Sandra, you don't say how large the artwork is. If you're talking about poster-size or bigger, then scanning would not be the way to go. For that matter, if the artwork is oil on canvas, with a lot of texture in the paint, then again a flatbed isn't going to do.
That said, if the artwork is actually flat (paintings, for example), then a lens designed to have a flatter plane of focus would be best.
Let me explain: With a regular lens, the zone of focus is actually described by the surface of a sphere. If depth of field is ignored, when you focus at 10 feet away, the actual layer that will be sharp are all the points exactly 10 feet from the focal point of the lens - and the area described by measuring 10 feet from a point is a sphere.
What this translates to in the real world is that if you are taking the picture of a flat subject and get the center in precise focus, the corners of the subject will be less sharp.
Of course, DOF allows for some "slop" with all this, so using a smaller aperture will ensure better focus all around. But some lenses were made with corrections to "flatten" the focus plane - Nikon's 50MM Micro lens is an example (it was often used to take shots of documents).
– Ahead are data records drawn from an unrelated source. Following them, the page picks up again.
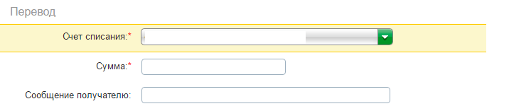 5. Заполните, счет списания (ваш счет карты или иной счет), Сумму и Сообщение получателю, где можно написать номер Вашего заказа:
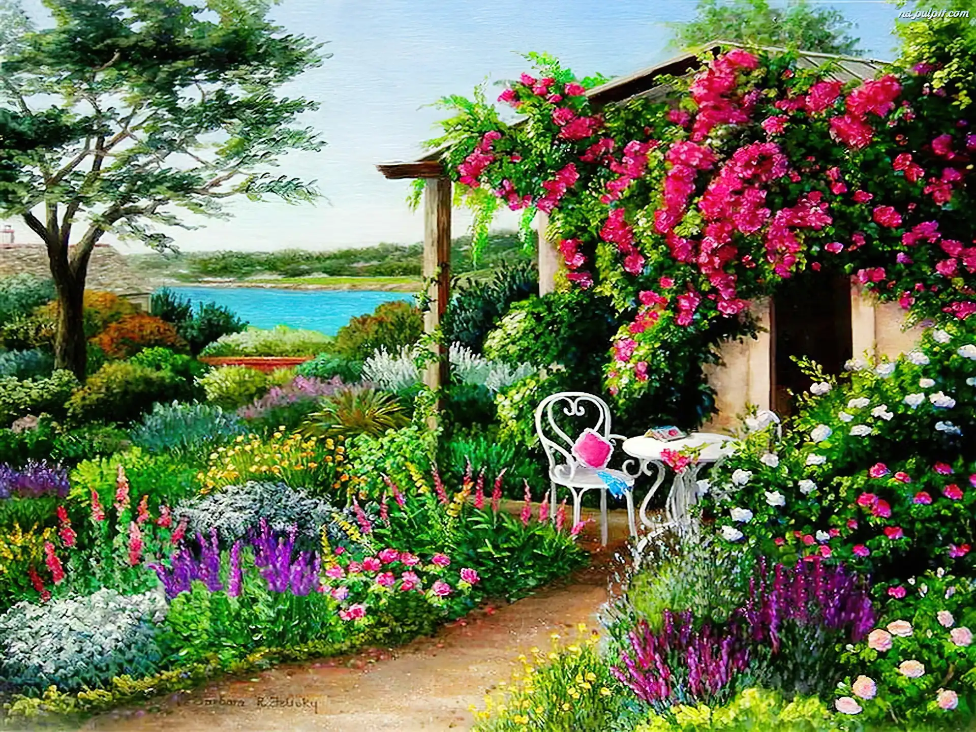 Krzesło, Kwiaty, Altanka, Ogród, Stolik Na Pulpit
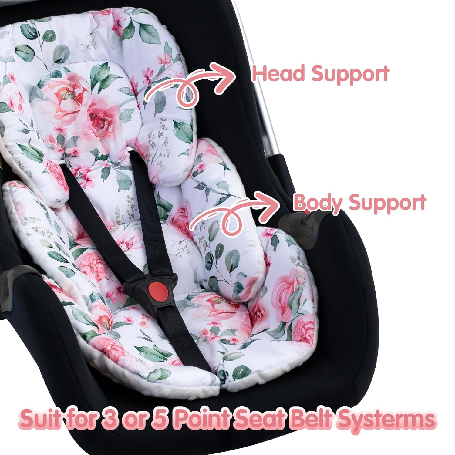 - Compatible: The baby car seat pad is suitable for baby products with 3-point or 5-point system, not only suitable for strollers, but also can be used for baby car seats, swings, bouncers, changing tables, rockers, etc.
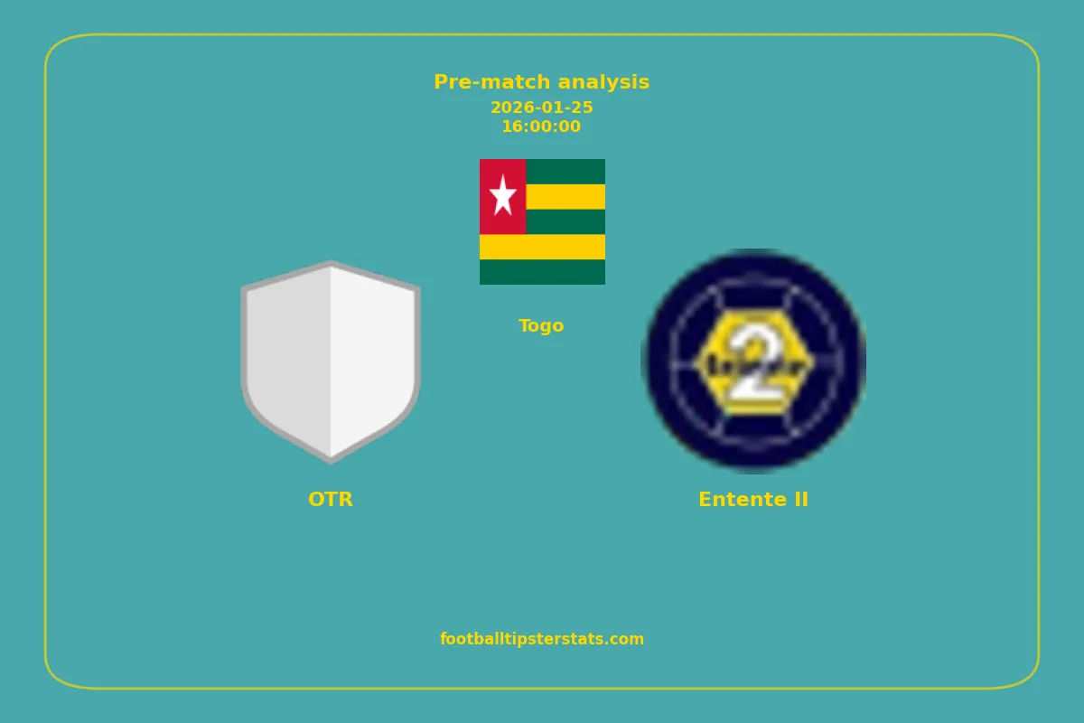 Analyzing the recent performance of OTR and Entente II in Togo, we can derive insights that may inform future match predictions. By examining their individual game histories, head-to-head encounters, and overall trends, we can identify patterns that highlight strengths and weaknesses for both teams. This comprehensive review aims to provide a clearer understanding of their competitive dynamics and potential outcomes in upcoming fixtures.This pre-match analysis covers the upcoming fixture between OTR and Entente II. Below you’ll find a detailed breakdown of both teams’ recent form, goal statistics, and head-to-head performance. These insights provide a clear picture of current momentum and can be valuable for match forecasting, tactical evaluation, or betting analysis. Please note that these suggestions are based on historical data and trends. While they provide valuable insights, actual match outcomes can be influenced by various unpredictable factors. Always consider multiple aspects before making any decisions based on these analyses.
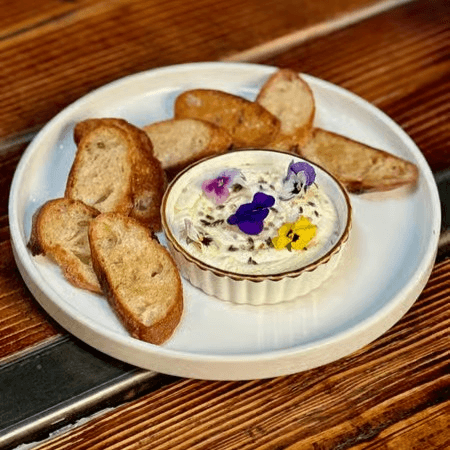 Creamy, whipped local Drake Family Farms goat cheese, lightly sweetened with Groovy Gopher lavender honey and finished with a touch of salt and dried lavender buds. Served with toasted Village Bakery baguette slices.
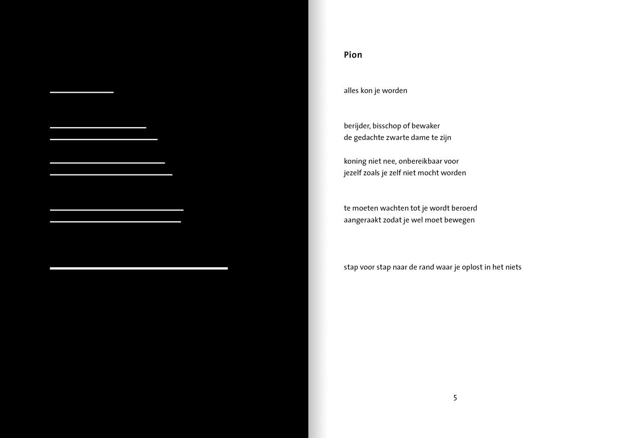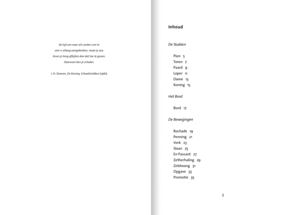 In zestien teksten, zoals Van Heumen zelf zijn gedichten noemt, karakteriseert hij de verschillende elementen van het schaakspel en dicht de stukken, het bord en de bewegingen een bonte rij eigenschappen toe en spreekt ze aan op wezen en gedrag.
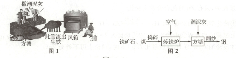 小组查阅资料发现我国有着悠久的钢铁冶炼史,《天工开物》中记载的“炒钢法”如图1,该方法的生产过程可用图2表示。
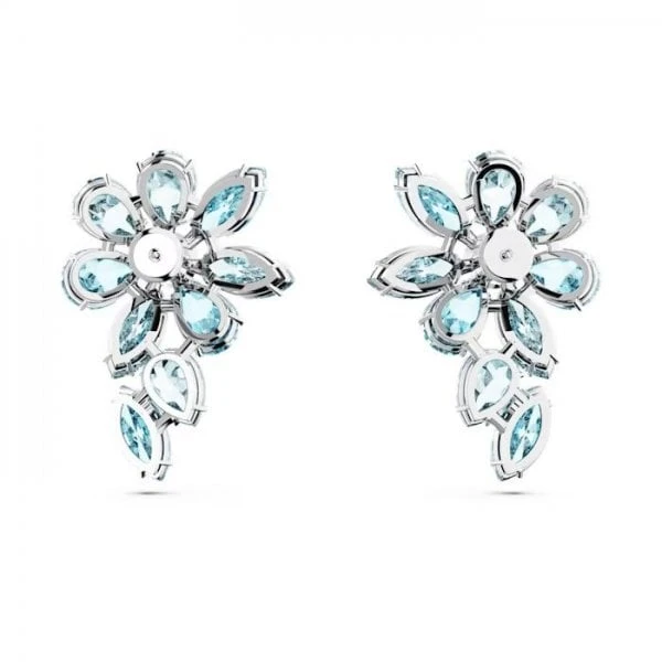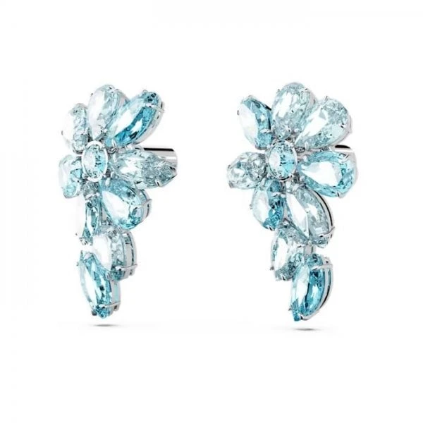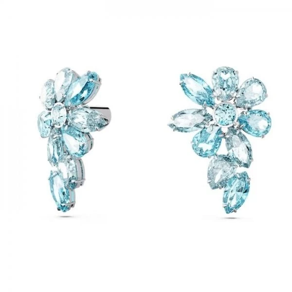 Inject the beauty of nature into any style with these Gema pierced earrings that bloom with savoir-faire. A mix of blue crystals are organically, yet precisely, arranged on a refined rhodium plated setting, allowing each hue to shine bright. Combine with a blue necklace from the Gema family, or wear alone for effortless glamour after dark.

So if you use a Nikon camera, you could get a used 50mm Micro (macro) lens. I frankly do not know if the current 60mm Nikkor macro lens is similarly designed, or if Canon or anyone else has something similar.
Again, though, with a small enough aperture to give deep DOF (and a tripod to keep things rock steady), you should be okay. As for focal length, this depends on the size of the artwork and the size of your studio - and keep to something at the normal or slight telephoto side as wide-angle lenses tend to be prone to barrel distortion.
One more thing: You might want to investigate a program called DxO Optics Pro. This is a package that takes digital files and makes corrections for optical and chromatic abherrations - so it could make further corrections to the images.

- Bob Fately

Sounds like the artist would like to make a series of sellable prints from her original paintings. IMO, the important thing here is quality. Her print customers are going to want to believe they're buying a little piece of her and so the print must be absolutely sharp.
This CAN be done with a d-SLR, but you'd want to ensure that you captured enough information to be able to print at the printer's native resolution at full-size.
Let's say the artist wants to sell 16x20-inch limited-edition prints. I'm going to use an Epson 4800 to print them on, and I want 360 dpi for the best quality. That means I need to have an image that is at least 5760x7200 pixels in size, or about 42 MB.
If I were doing this job with my personal equipment (Sigma SD14), I'd take a 3x3 multi-row panorama using an 85mm to 105mm macro lens. I'd want to be off at a distance to minimize any lens distortion and I'd shoot at f/8 to f/11. I'd make sure I had absolutely flat lighting from multiple sources so that any ridges or texture on the image would not show shadows.
I do have one shot somewhat like this on my gallery ... it's actually the ceiling mural, made with a 3x3 multi-row panorama using a Fuji F30 6 MP digicam!